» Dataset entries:
- - - -

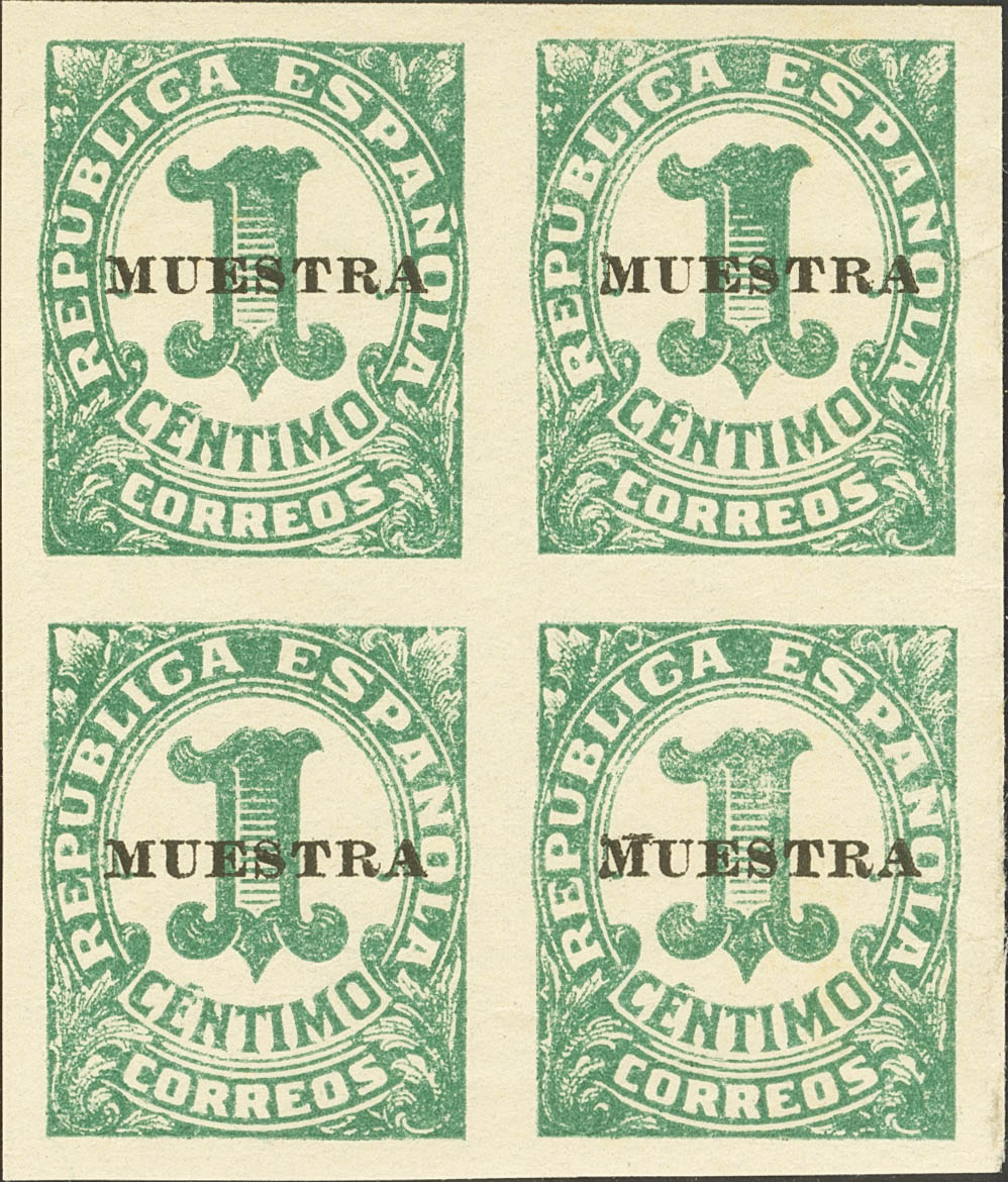 ★★ 677M(4). 1933. 1 cts verde, bloque de cuatro. MUESTRA. MAGNIFICO. Edifil 2020: 136 Euros
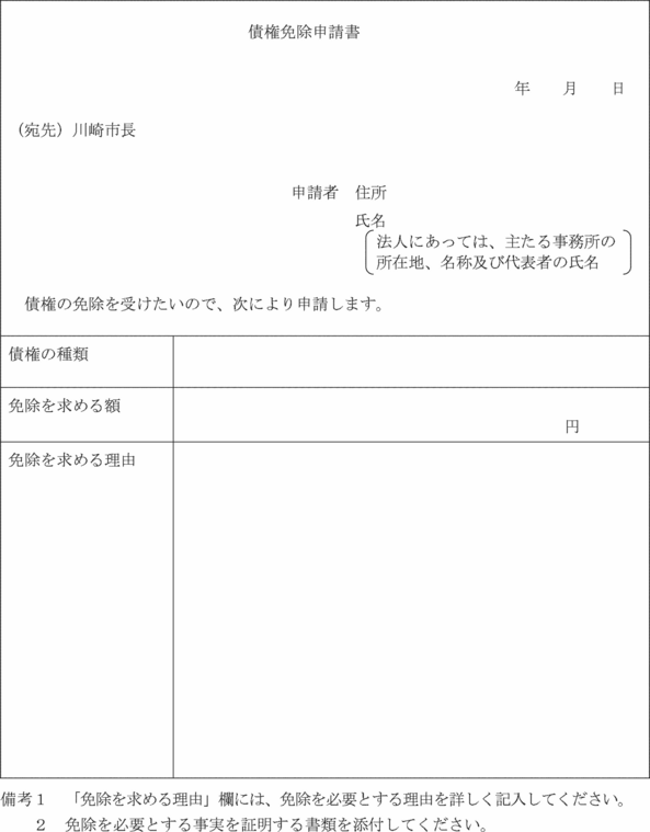 2 前項の申請は、債権免除申請書(第3号様式)を提出することにより行わなければならない。
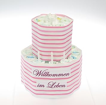 Zweistockige Windeltorte Willkommen Im Leben Xxl Rosa Geschenk Zur Taufe Geburtsgeschenk Fur Madchen Taufgeschenk Pullerparty Geschenk Zur Geburt Fur Madchen Amazon De Baby
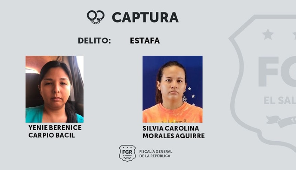 #Captura I La @FGR_SV ordenó las detenciones de Silvia Carolina Morales Aguirre y Yenie Berenice Carpio Bacil, consideradas estafadoras en serie.
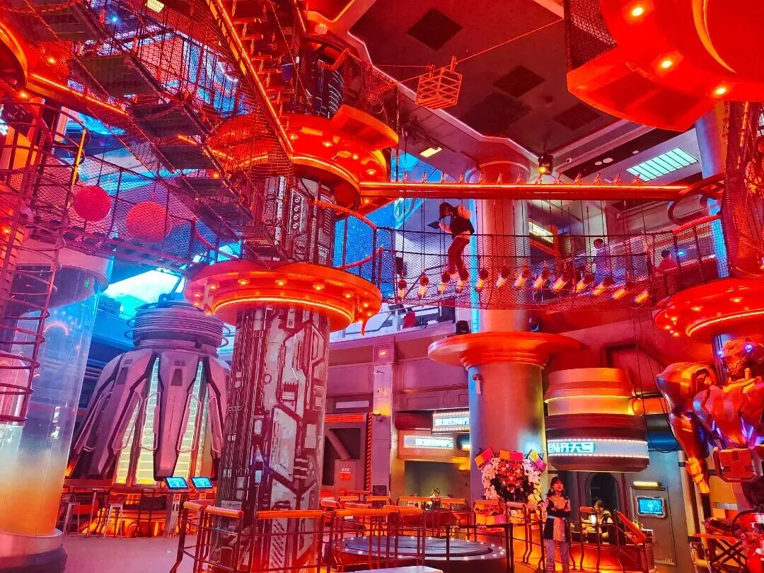 ■ 引擎区:位于乐园2层,是“齐天号”的心脏地带,核心是太空城引擎模组,为整个星舰提供能源和推进力。这里有齐天训练营,可以体验高空拓展等。
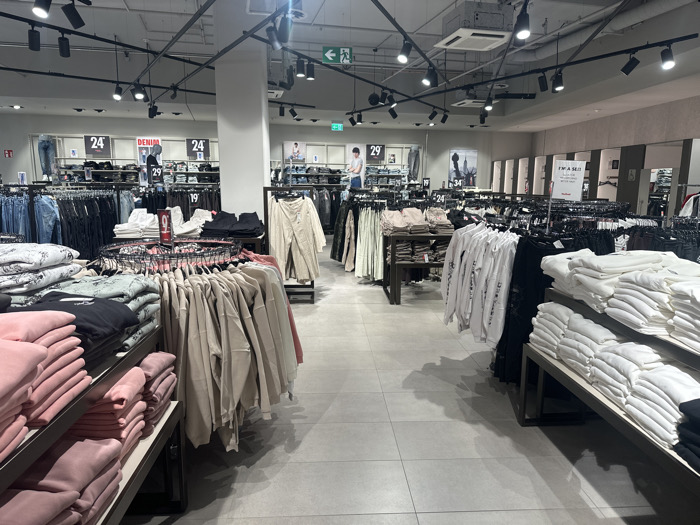 The image depicts the interior of a clothing retail store identified as "I'M A S

- - - -

» TASK TO CARRY OUT:
Transcribe each record exactly as it stands, setting aside any pictures.

» EXERCISE RESULT:
 ★★ 677M(4). 1933. 1 cts verde, bloque de cuatro. MUESTRA. MAGNIFICO. Edifil 2020: 136 Euros
 2 前項の申請は、債権免除申請書(第3号様式)を提出することにより行わなければならない。
 Zweistockige Windeltorte Willkommen Im Leben Xxl Rosa Geschenk Zur Taufe Geburtsgeschenk Fur Madchen Taufgeschenk Pullerparty Geschenk Zur Geburt Fur Madchen Amazon De Baby
 #Captura I La @FGR_SV ordenó las detenciones de Silvia Carolina Morales Aguirre y Yenie Berenice Carpio Bacil, consideradas estafadoras en serie.
 ■ 引擎区:位于乐园2层,是“齐天号”的心脏地带,核心是太空城引擎模组,为整个星舰提供能源和推进力。这里有齐天训练营,可以体验高空拓展等。
 The image depicts the interior of a clothing retail store identified as "I'M A S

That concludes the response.